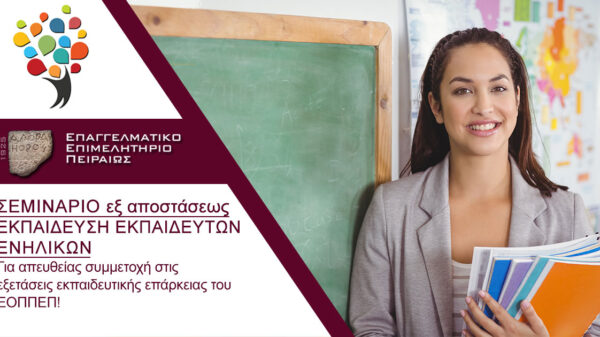Το Επαγγελματικό Επιμελητήριο Πειραιώς υλοποιεί ΣΕΜΙΝΑΡΙΟ «ΕΚΠΑΙΔΕΥΣΗ ΕΚΠΑΙΔΕΥΤΩΝ ΕΝΗΛΙΚΩΝ», ΓΙΑ ΑΠΕΥΘΕΙΑΣ ΣΥΜΜΕΤΟΧΗ ΣΤΙΣ ΕΞΕΤΑΣΕΙΣ ΕΚΠΑΙΔΕΥΤΙΚΗΣ ΕΠΑΡΚΕΙΑΣ ΤΟΥ ΕΟΠΠΕΠ. Το πρόγραμμα στοχεύει στην ουσιαστική προετοιμασία υποψηφίων εκπαιδευτών ενηλίκων για τις εξετάσεις πιστοποίησης εκπαιδευτικής επάρκειας του ΕΟΠΠΕΠ (Εθνικού Οργανισμού Πιστοποίησης Προσόντων και Επαγγελματικού Προσανατολισμού).
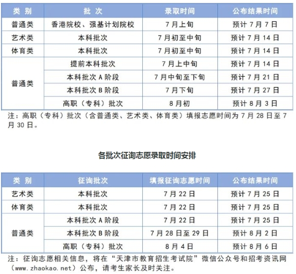 根据获取到的消息可知,天津2025年高考志愿各批次录取时间安排还暂未公布,不过,下面为大家找来了去年天津高考各批次录取时间安排作为参考。
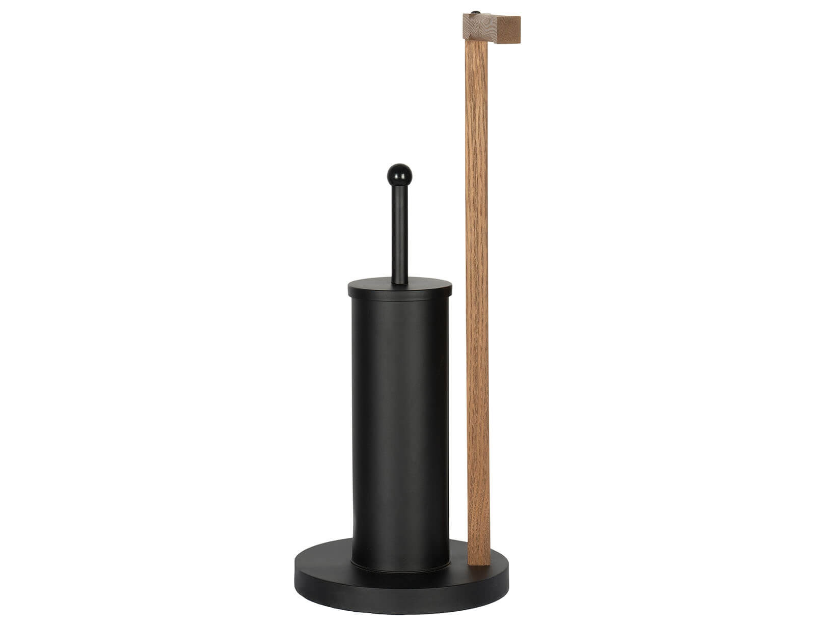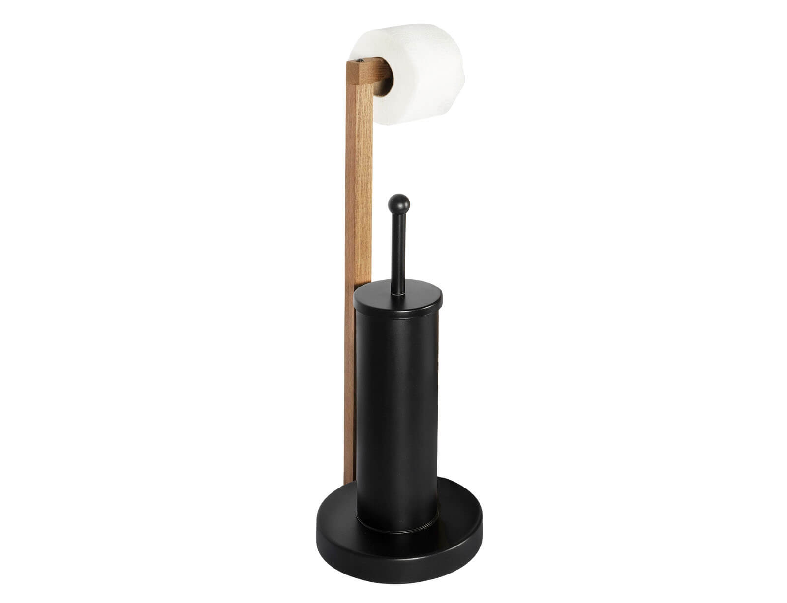 Ανανεώστε το μπάνιο σας με τη Βάση Χαρτιού Τουαλέτας με Πιγκάλ από τη Sepio! Με minimal σχεδιασμό και μοντέρνο μαύρο χρώμα, ταιριάζει απόλυτα σε κάθε στυλ διακόσμησης, προσφέροντας άνεση και οργάνωση στον χώρο σας. Η βάση είναι κατασκευασμένη από υψηλής ποιότητας μαύρο ατσάλι και ξύλο με πιστοποίηση FSC. Η βάση έχει μια συμπαγή στρογγυλή βάση, που εξασφαλίζει σταθερότητα. Το δοχείο της βούρτσας διαθέτει προστατευτικό πλαστικό δοχείο που προστατεύει από τη σκουριά και διευκολύνει τον καθαρισμό. Το ελαφρύ πλαίσιο σάς επιτρέπει να μετακινείτε εύκολα τη βάση σε ένα βολικό μέρος.
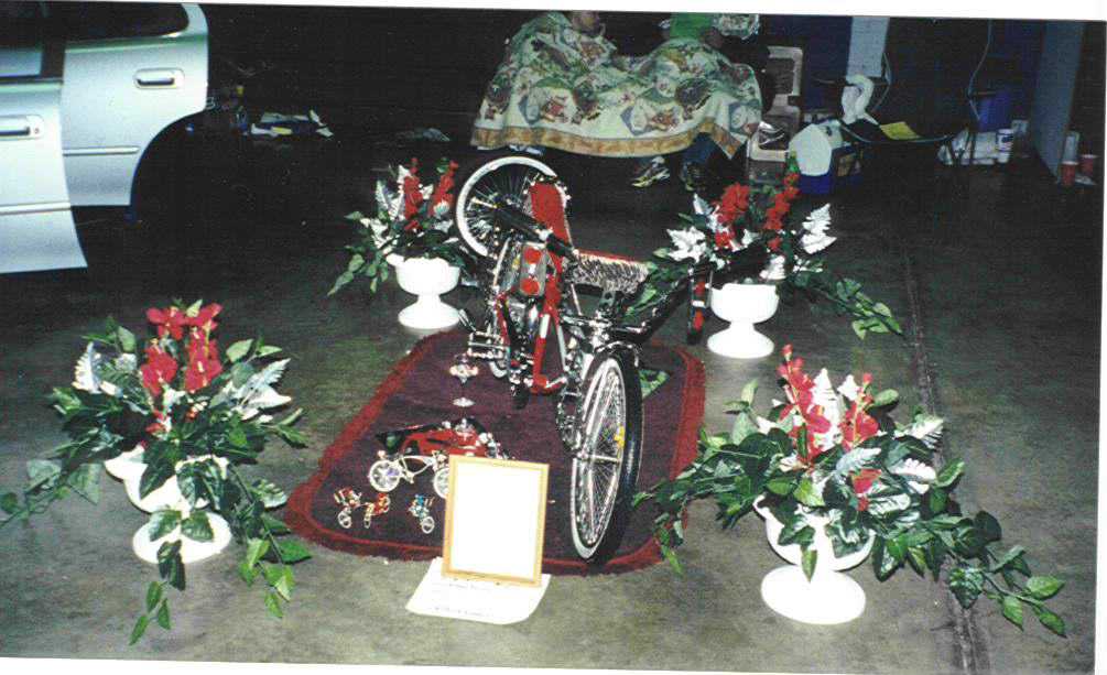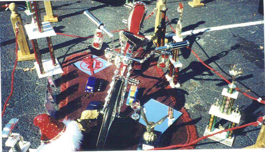 OUTSTANDING OF SHOW AT SOUTH CAROLINA NATONALS, FIRST AT WHITLEE SHOWS, FIRST AT LA DRAG IN, FIRST AT OLD SCHOOL RYDERS SHOW,FIRST AT SUMMER BASH AT THE BEACH,LOWRIDER scrapin tour 2002 2nd place street custom bike AND MANY MORE
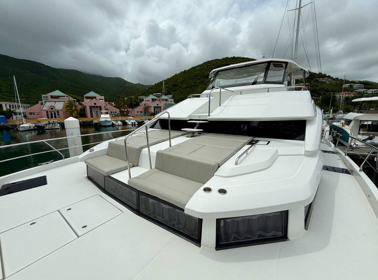 Charter guests aboard the Aquila 54 can enjoy a variety of amenities designed for comfort and entertainment. The flybridge serves as a central hub, featuring an outdoor kitchen with a wet bar equipped with a fridge, ice maker and electric BBQ grill, ideal for alfresco dining and social gatherings. The flybridge is partially enclosed directly in front of the helm, ensuring comfort in varying weather conditions. From the flybridge helm you can easily access the uniquely designed Portuguese bridge deck, and steps forward of the helm lead to two built-in seating areas, perfect for lounging in the BVI sun!
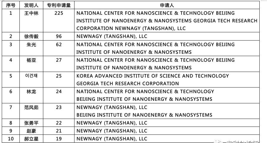 纳米发电机领域全球专利的申请人和发明人主要集中于NATIONAL CENTER FOR NANOSCIENCE & TECHNOLOGY(CN)、BEIJING INSTITUTE OF NANOENERGY & NANOSYSTEMS(CN)、NEWNAGY (TANGSHAN), LLC(CN)、GEORGIA TECH RESEARCH CORPORATION(US)、KOREA ADVANCED INSTITUTE OF SCIENCE AND TECHNOLOGY(KR)等5家机构。在专利核心发明人中,王中林教授的专利数量和质量均独占鳌头,其它核心技术专家也主要来源于王中林教授的研究团队。
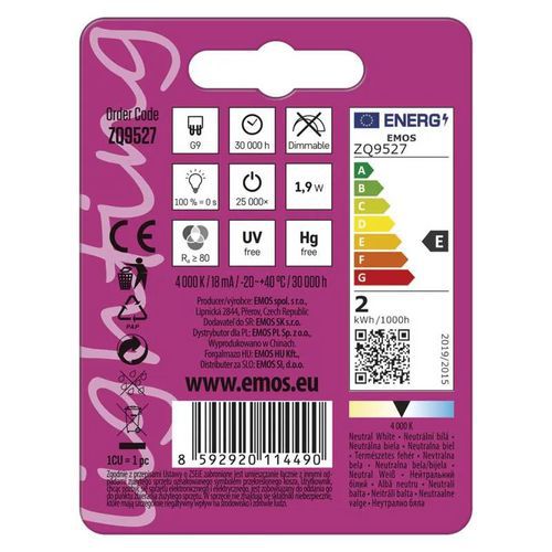- Żarówki energooszczędne LED z gwintem G9 i z wytrzymałą obudową z tworzywa sztucznego.
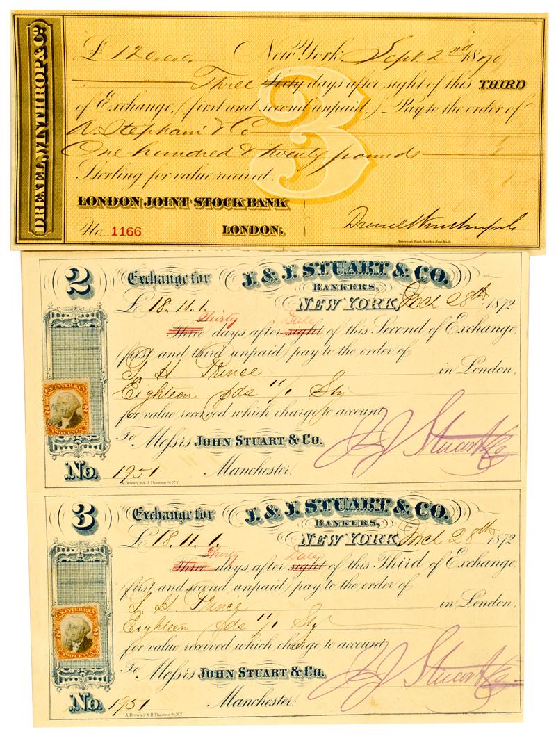 Lot of two: 1) Third of exchange No. 1166 issued Sept. 2, 1870 for 120 pounds. 9" x 4". 2) Uncut second and third exchanges, No. 1951 issued Mar. 28, 1872. For 18 pounds/sixty. J & J Stuart & Co. Bankers signed JJ Stuart in lavender ink. Two orange 2 cent cancelled revenue stamps at left, measures 8.5" x 8.25".
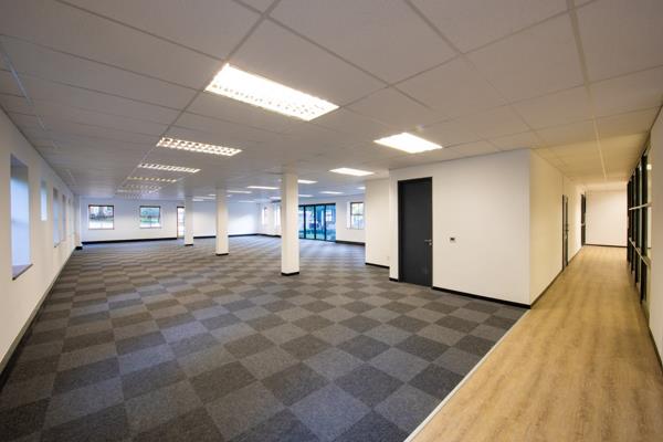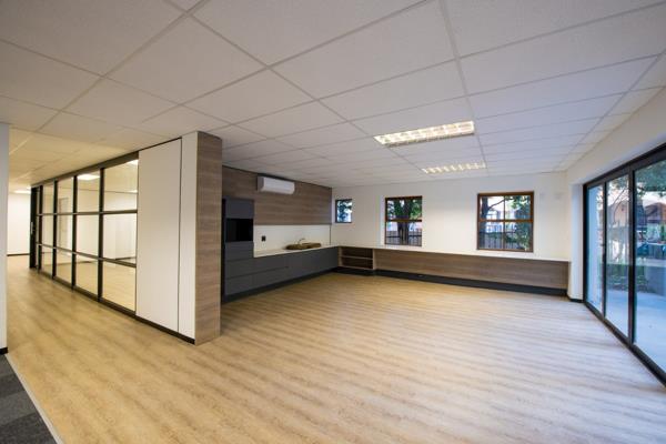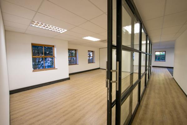 The available 383m ground-floor office suite provides a versatile mix of open-plan work areas, private offices, a reception, boardroom, kitchenette, and ablution facilities. Interiors are bright and adaptable, with most suites enjoying garden views on either side, creating a calm and productive workspace. Air-conditioning throughout, combined with solar integration and a 150kVA backup generator, ensures uninterrupted operations.

•••••

Copy out all of the data word for word. Do not carry over any picture.

Response below.
Το Επαγγελματικό Επιμελητήριο Πειραιώς υλοποιεί ΣΕΜΙΝΑΡΙΟ «ΕΚΠΑΙΔΕΥΣΗ ΕΚΠΑΙΔΕΥΤΩΝ ΕΝΗΛΙΚΩΝ», ΓΙΑ ΑΠΕΥΘΕΙΑΣ ΣΥΜΜΕΤΟΧΗ ΣΤΙΣ ΕΞΕΤΑΣΕΙΣ ΕΚΠΑΙΔΕΥΤΙΚΗΣ ΕΠΑΡΚΕΙΑΣ ΤΟΥ ΕΟΠΠΕΠ. Το πρόγραμμα στοχεύει στην ουσιαστική προετοιμασία υποψηφίων εκπαιδευτών ενηλίκων για τις εξετάσεις πιστοποίησης εκπαιδευτικής επάρκειας του ΕΟΠΠΕΠ (Εθνικού Οργανισμού Πιστοποίησης Προσόντων και Επαγγελματικού Προσανατολισμού).
 根据获取到的消息可知,天津2025年高考志愿各批次录取时间安排还暂未公布,不过,下面为大家找来了去年天津高考各批次录取时间安排作为参考。
 Ανανεώστε το μπάνιο σας με τη Βάση Χαρτιού Τουαλέτας με Πιγκάλ από τη Sepio! Με minimal σχεδιασμό και μοντέρνο μαύρο χρώμα, ταιριάζει απόλυτα σε κάθε στυλ διακόσμησης, προσφέροντας άνεση και οργάνωση στον χώρο σας. Η βάση είναι κατασκευασμένη από υψηλής ποιότητας μαύρο ατσάλι και ξύλο με πιστοποίηση FSC. Η βάση έχει μια συμπαγή στρογγυλή βάση, που εξασφαλίζει σταθερότητα. Το δοχείο της βούρτσας διαθέτει προστατευτικό πλαστικό δοχείο που προστατεύει από τη σκουριά και διευκολύνει τον καθαρισμό. Το ελαφρύ πλαίσιο σάς επιτρέπει να μετακινείτε εύκολα τη βάση σε ένα βολικό μέρος.
 OUTSTANDING OF SHOW AT SOUTH CAROLINA NATONALS, FIRST AT WHITLEE SHOWS, FIRST AT LA DRAG IN, FIRST AT OLD SCHOOL RYDERS SHOW,FIRST AT SUMMER BASH AT THE BEACH,LOWRIDER scrapin tour 2002 2nd place street custom bike AND MANY MORE
 Charter guests aboard the Aquila 54 can enjoy a variety of amenities designed for comfort and entertainment. The flybridge serves as a central hub, featuring an outdoor kitchen with a wet bar equipped with a fridge, ice maker and electric BBQ grill, ideal for alfresco dining and social gatherings. The flybridge is partially enclosed directly in front of the helm, ensuring comfort in varying weather conditions. From the flybridge helm you can easily access the uniquely designed Portuguese bridge deck, and steps forward of the helm lead to two built-in seating areas, perfect for lounging in the BVI sun!
 纳米发电机领域全球专利的申请人和发明人主要集中于NATIONAL CENTER FOR NANOSCIENCE & TECHNOLOGY(CN)、BEIJING INSTITUTE OF NANOENERGY & NANOSYSTEMS(CN)、NEWNAGY (TANGSHAN), LLC(CN)、GEORGIA TECH RESEARCH CORPORATION(US)、KOREA ADVANCED INSTITUTE OF SCIENCE AND TECHNOLOGY(KR)等5家机构。在专利核心发明人中,王中林教授的专利数量和质量均独占鳌头,其它核心技术专家也主要来源于王中林教授的研究团队。
- Żarówki energooszczędne LED z gwintem G9 i z wytrzymałą obudową z tworzywa sztucznego.
 Lot of two: 1) Third of exchange No. 1166 issued Sept. 2, 1870 for 120 pounds. 9" x 4". 2) Uncut second and third exchanges, No. 1951 issued Mar. 28, 1872. For 18 pounds/sixty. J & J Stuart & Co. Bankers signed JJ Stuart in lavender ink. Two orange 2 cent cancelled revenue stamps at left, measures 8.5" x 8.25".
 The available 383m ground-floor office suite provides a versatile mix of open-plan work areas, private offices, a reception, boardroom, kitchenette, and ablution facilities. Interiors are bright and adaptable, with most suites enjoying garden views on either side, creating a calm and productive workspace. Air-conditioning throughout, combined with solar integration and a 150kVA backup generator, ensures uninterrupted operations.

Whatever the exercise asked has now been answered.